During the early 2000s, I participated in a study across national rental companies to analyze how much time on any given day a service technician spent servicing equipment. We tabulated the number of work orders being generated by technicians across a company’s locations, and the time logged for each repair. We correlated these numbers with the number of parts requests from company-internal stock, as well as the number of orders being placed from outside sources. To really understand the surrounding service workflow, we followed technicians around with clipboards and stopwatches to see what they were doing.
The final results to us were shocking: On average, the amount of time these valuable and very capable employees spent performing service and repairs – or their “wrench time” – was less than 50%. How could this be? And what were they doing the rest of the time?
Well, a wide variety of things.
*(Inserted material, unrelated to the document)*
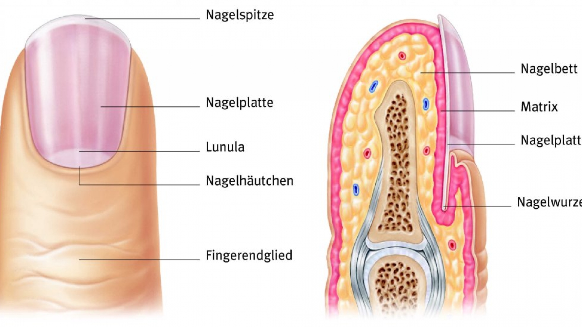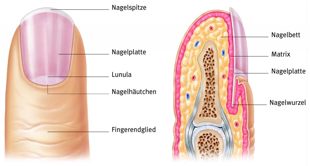 Unguis, Finger- oder Zehennagel, der dem Nagelbett als Hornplatte direkt aufliegt.

Prior to working on the machine, they were locating the relevant service information to determine the repair that needed to be performed from manufacturers, dealers, and from their internal service departments. They consulted hundreds of books or CDs – either of which were often missing or outdated – or websites, which were organized differently for each equipment brand, all requiring hundreds of different user names and passwords.
After identifying parts, they checked whether they were in stock anywhere in the company, or whether they had to be ordered. If an order was required, technicians had to request permission and identify the right source, following both supplier rules for different equipment types – whether to order from a dealer or directly from the OEM – as well as company rules, as to when to utilize alternate suppliers.
Technicians also needed to know equipment service history and determine whether it was still under warranty, and what the warranty submission rules were, as they varied widely across suppliers. Alongside, they needed to judge how to prioritize a particular job over other repairs, depending on current customer demand for equipment.
By the time we were done understanding the extraneous demands of these service technicians, we marveled at the fact they could still find time in their day to perform actual repairs.
Service technicians are among a rental company’s most skilled and highly compensated employees, but they were required to spend a lot of their time performing laborious, low-skill tasks. The resulting cost pressure on company profitability was further worsened by an accompanying reduction in revenue: if a repair job took longer to complete, this meant equipment was unavailable for rental.
As we subsequently learned, these challenges for national rental companies proved to be even worse for smaller, “mid-market” companies with only a handful of locations, where service technicians wore many hats. For these companies, frequently there was no dedicated accounts payable department, and it was up to the service technician to reconcile differences in parts pricing between order and invoice. There was no dedicated training department, so they had to spend time bringing more junior employees up to speed. There were no dedicated IT teams, so parts master lists had to be loaded into rental management systems. And there was no formal specialization among employees responsible for “direct” spend (parts and equipment) on the one hand, versus “indirect” spend (consumables, stationary, retail items) on the other, so service technicians often ended up purchasing a lot of unrelated items, further cutting into valuable repair time.
Finally, the shortage of service and parts labor personnel is a global problem. In certain parts of the world, this trend is further worsened through structural labor market changes. Equipment rental companies in Singapore, for example, have traditionally benefitted from service labor from India, Malaysia, Indonesia, Thailand and other parts of Asia. As the Singaporean government has reduced the ability for companies to employ foreign labor, the rental market labor shortage has tightened more drastically, resulting in an even greater shortfall of service personnel.